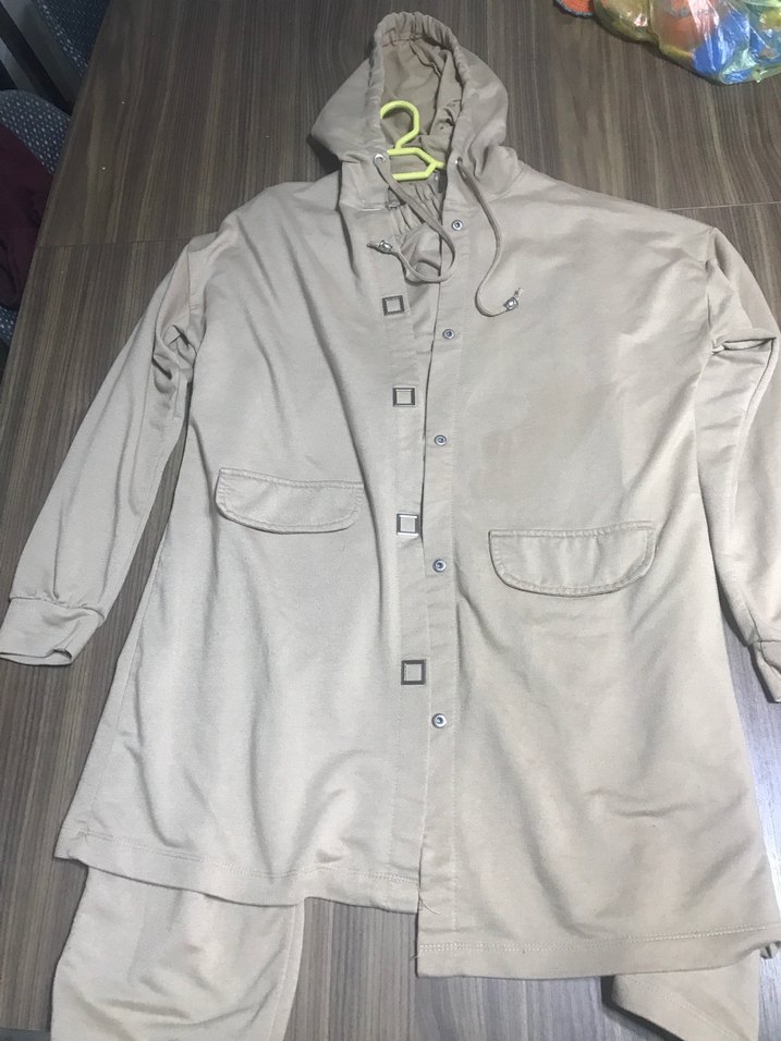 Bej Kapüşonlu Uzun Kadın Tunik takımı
* * *
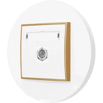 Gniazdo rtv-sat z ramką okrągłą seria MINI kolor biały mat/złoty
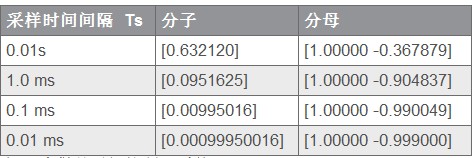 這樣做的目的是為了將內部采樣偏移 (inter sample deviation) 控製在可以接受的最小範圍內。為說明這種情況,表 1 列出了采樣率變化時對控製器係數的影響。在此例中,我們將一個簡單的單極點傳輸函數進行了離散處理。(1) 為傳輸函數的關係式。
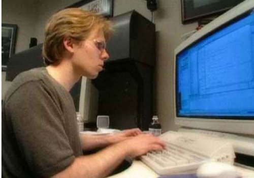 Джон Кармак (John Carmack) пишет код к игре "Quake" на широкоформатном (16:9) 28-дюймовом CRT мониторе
==
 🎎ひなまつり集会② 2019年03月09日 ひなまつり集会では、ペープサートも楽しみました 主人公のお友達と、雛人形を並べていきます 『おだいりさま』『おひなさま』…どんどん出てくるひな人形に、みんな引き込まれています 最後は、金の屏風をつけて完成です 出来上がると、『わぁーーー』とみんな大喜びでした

* ABOUT THIS EXERCISE *
Pictures aside, return exactly the lines from the data above, starting at the line that has "Gniazdo rtv-sat z" and ending at the line that has "Джон Кармак (John", both included.

* FINISHED EXERCISE *
 Gniazdo rtv-sat z ramką okrągłą seria MINI kolor biały mat/złoty
 這樣做的目的是為了將內部采樣偏移 (inter sample deviation) 控製在可以接受的最小範圍內。為說明這種情況,表 1 列出了采樣率變化時對控製器係數的影響。在此例中,我們將一個簡單的單極點傳輸函數進行了離散處理。(1) 為傳輸函數的關係式。
 Джон Кармак (John Carmack) пишет код к игре "Quake" на широкоформатном (16:9) 28-дюймовом CRT мониторе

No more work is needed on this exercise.